Il presidente del Coni, Giovanni Malagò, è stato ospite questa mattina, con il popolare giornalista Marino Bartoletti,
della prima puntata stagionale di “Pezzi da 90” condotta da Massimo Boccucci sull’emittente umbra Radio Onda Libera.
Presidente Malagò, non ci sono mai mezze misure nel calcio di fronte a un risultato: entusiasmo o delusione. Le critiche in queste ore sono feroci. Quanto è dura da digerire la lezione degli spagnoli?
“Bisogna digerirla per forza, altrimenti una situazione complicata diventa esageratamente complicata.
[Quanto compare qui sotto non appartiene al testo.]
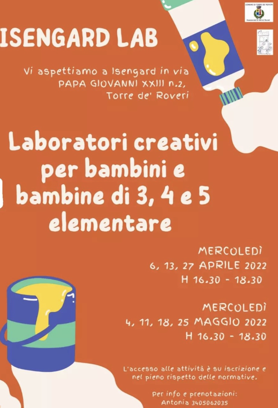 Spazio giovani "ISENGARD LAB" vi aspettano con dei laboratori creativi per bambini e bambine di 3, 4 e 5 elementare
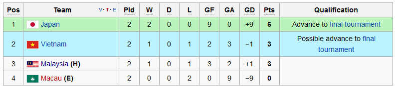 นัดสุดท้ายเวียดนามจะชนะมาเก๊าแน่ แต้มจะเท่ากับไทย แต่ต้องยิงประตูให้ได้เยอะที่สุด ซึ่งตอนนี้เขา -1 ถ้ายิง 5-0 ถึงจะได้ +4 ซึ่งเทียบฟอร์มแล้วพอมีโอกาส แต่ยากซักหน่อย เพราะมาเลเซียก็ได้มาจากมาเก๊าแค่ 2-0 แต่ก็อย่างว่าใครจะไปรู้
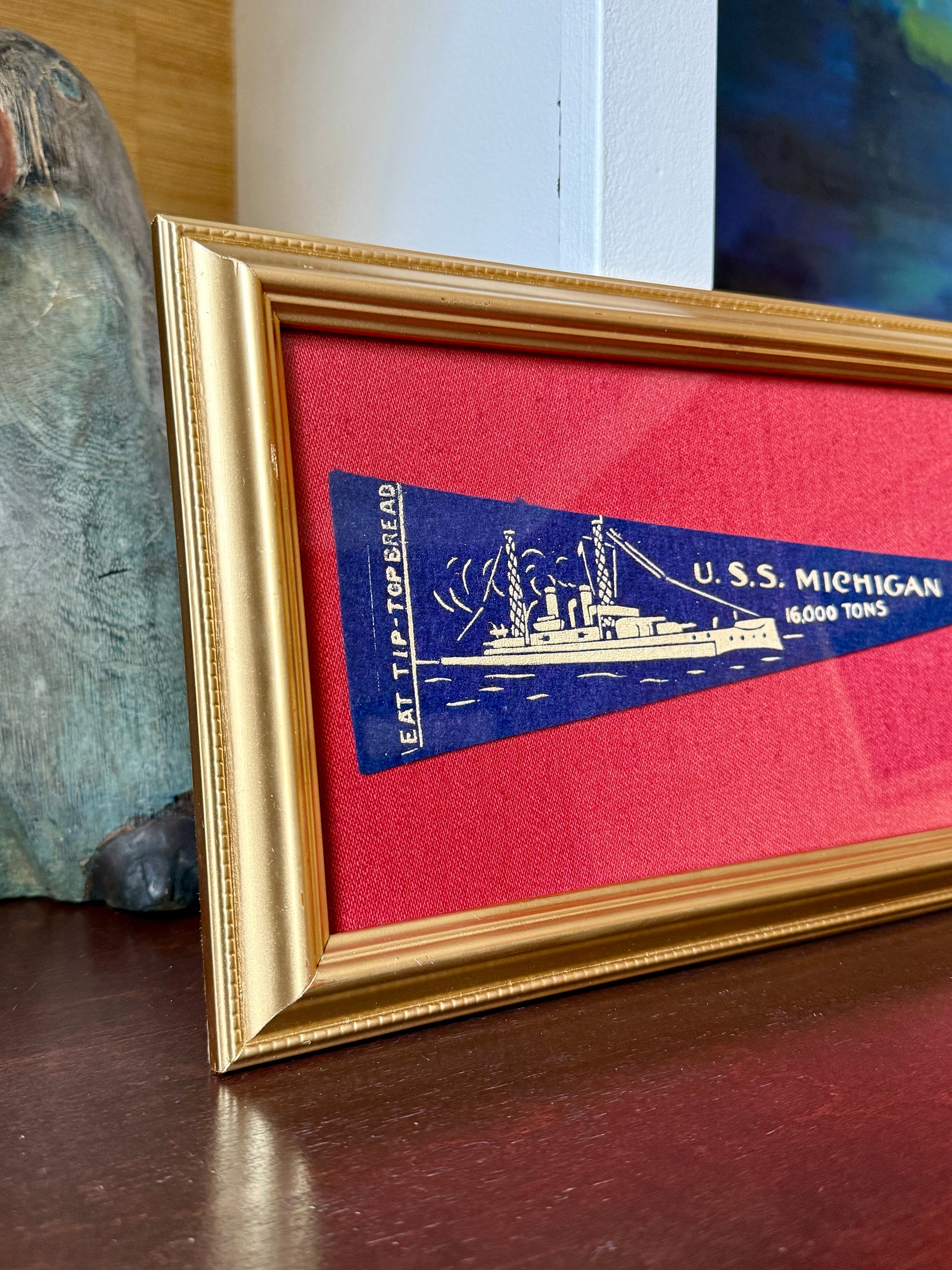 Early 20th century U.S.S. Michigan navy wool pennant made by the Butter-Nut Bread Company mounted on red pique fabric. Pennant in vintage gold frame measures 7.5" x 15". Pennant and frame in good condition with light wear.

Si deve saper perdere e programmare subito il riscatto ripartendo dagli errori per non ripeterli”.
Cosa in particolare non l’ha convinta a Madrid?
“Non entro nel merito delle questioni tecniche, ma la verità è che purtroppo sugli episodi e sull’atteggiamento le cose non sono andate come dovevano andare. E’ stata persa una battaglia, però la guerra sportiva continua e conta soprattutto quella. Ora basta con i passi falsi da qui a novembre. Dobbiamo prepararci bene anche per l’eventuale spareggio”.
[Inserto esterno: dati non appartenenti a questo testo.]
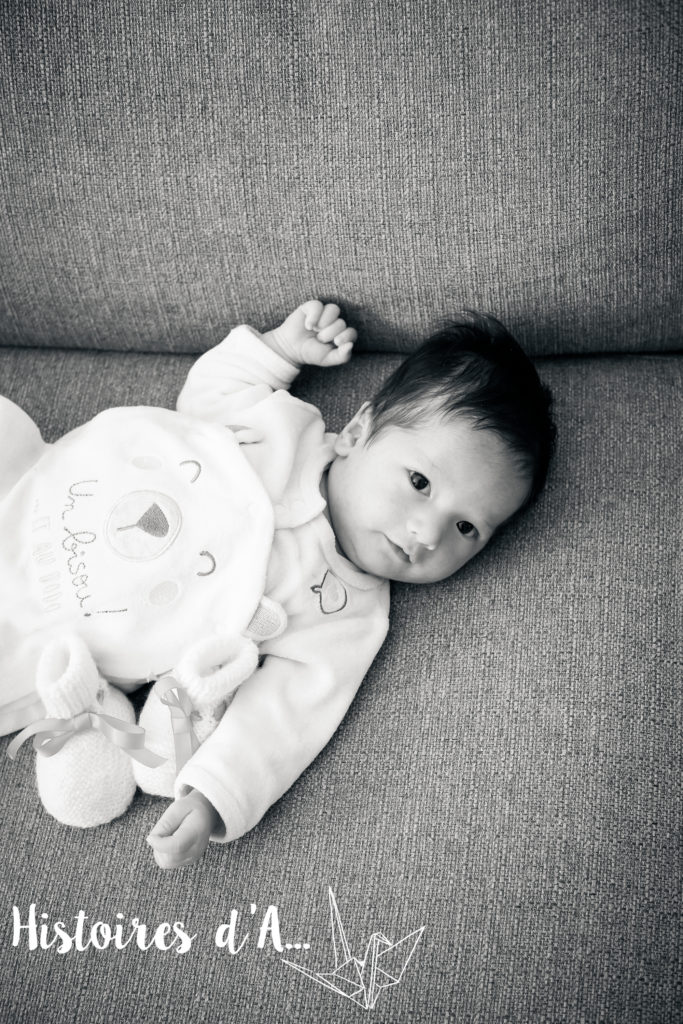 Aymeric n’a pas dormi mais il était apaisé, j’ai pu donc réaliser des portraits de lui tout seul et avec son doudou. Vous voyez cette photo avec ses petites jambes tendues? je l’adore! c’est un petit geste, une attitude tellement typique des bébés que j’aime la photographier!
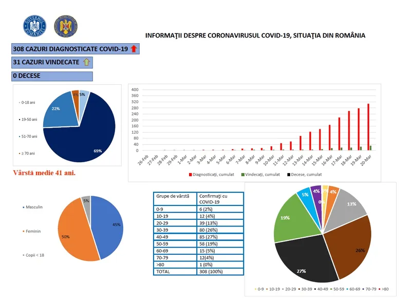 Grupul de Comunicare Strategică a anunțat că până astăzi, 20 martie, pe teritoriul României, au fost confirmate 308 cazuri de persoane infectate cu virusul Covid – 19. Dintre cele 308 de persoane confirmate pozitiv, au fost declarate vindecate și externate 31.
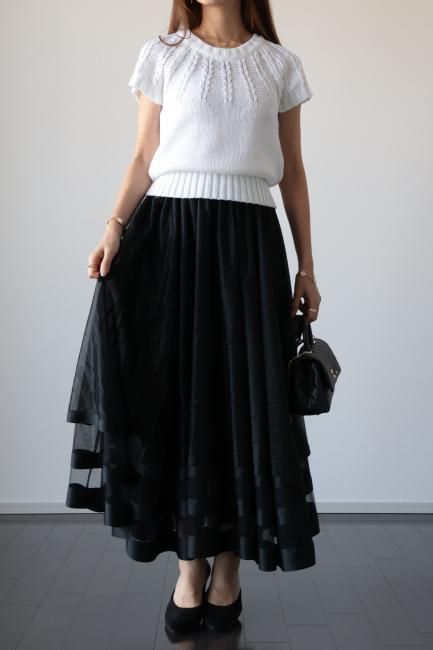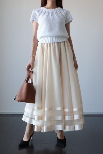 【MAISEL】satin piping layered tulle skirt / ivory
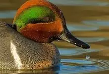 绿翅鸭是小型鸭类,体长37厘米,体重约0.5千克。嘴脚均为黑色。雄鸟头至颈部深栗色,头顶两侧从眼开始有一条宽阔的绿色带斑一直延伸至颈侧,尾下覆羽黑色,两侧各有一黄色三角形斑,在水中游泳时,极为醒目。…全部>>

In Europa sono stati spesi oltre 4.000 milioni in questa sessione estiva del calciomercato e l’Italia con 820 milioni è dietro alla sola Premier League inglese. Lei pensa che si è presa la direzione degli investimenti intelligenti o considera la spesa eccessiva?
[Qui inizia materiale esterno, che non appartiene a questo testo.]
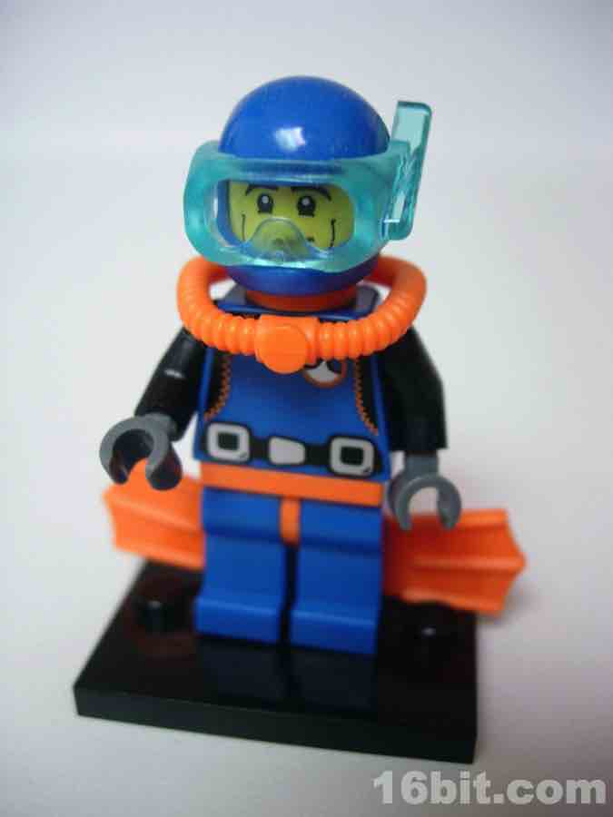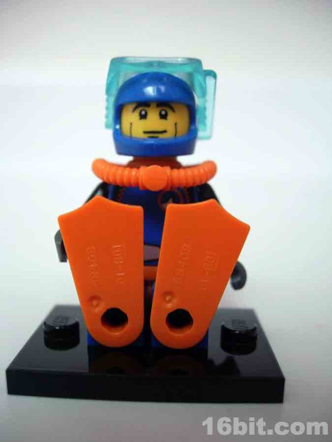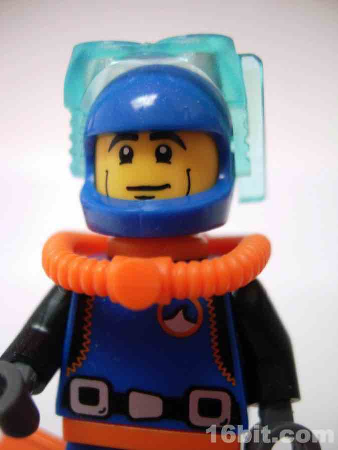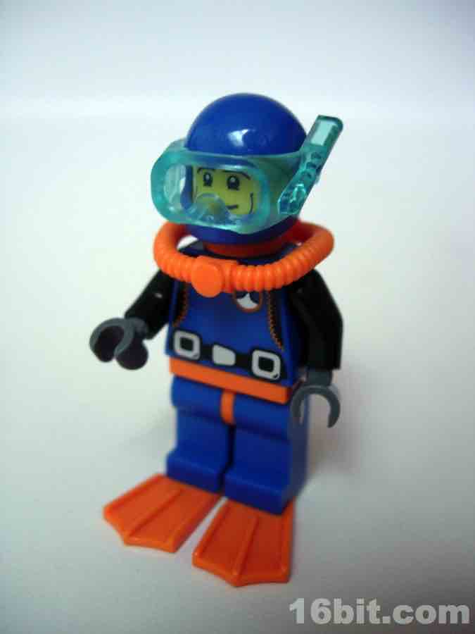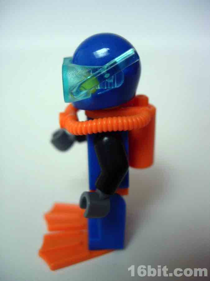 One thing LEGO has done well since the 1990s is divers. There was a magnificent diver theme around 1997 with amazing figures, boats, and even a whale skeleton. They don't do many of those lately, but we did get a modern take on those diver figures with this Deep Sea Diver. He reuses the basic helmet design with a unique set of goggles that clamp on and rotate up, and he has a swell SCUBA tank on his back. There are even bright orange swim fins to complete the ensemble.

“Le cifre sono considerevoli. L’aspetto fondamentale è il rispetto delle regole, cioè se tutto è stato fatto tenendo conto del fair play finanziario. Abbiamo visto che Roma e Inter sono state sottoposte a vincoli rigidi e si sono comportate di conseguenza. Il Milan è stato più libero di agire e ha ricostruito. Il fatto è che in generale ci sono dei club con dei proprietari ben definiti e ce ne sono altri in mano a uno Stato o a un fondo. Questa cosa non mi piace”.
Stadi da ammodernare o da rifare: le sfide vinte a Torino, Udine e prima ancora a Reggio Emilia fanno da traino?
“E’ un processo obbligato, si deve partire da lì. Mi sono speso tantissimo su questo e non riguarda solo il calcio, perché una disciplina sportiva per essere competitiva e portata avanti al meglio deve avere gli impianti adeguati. E’ come la casa per una famiglia. Sono stati bravi a Torino, così come Pozzo e Squinzi. Agli inizi degli anni ’90 sono state fatte delle scelte sbagliate. Non solo noi nel tempo abbiamo commesso errori, penso alla Germania che prima del 2006 era depressa e non riusciva ad avere una Bundesliga appetibile. Poi i tedeschi hanno saputo valorizzare bene il proprio prodotto e gli impianti sono stati determinanti. Da noi c’è un discorso condizionato dalla proprietà degli stadi: sono dei Comuni che li danno in concessione alle società, per nulla propense a investire soldi su qualcosa che non è loro”.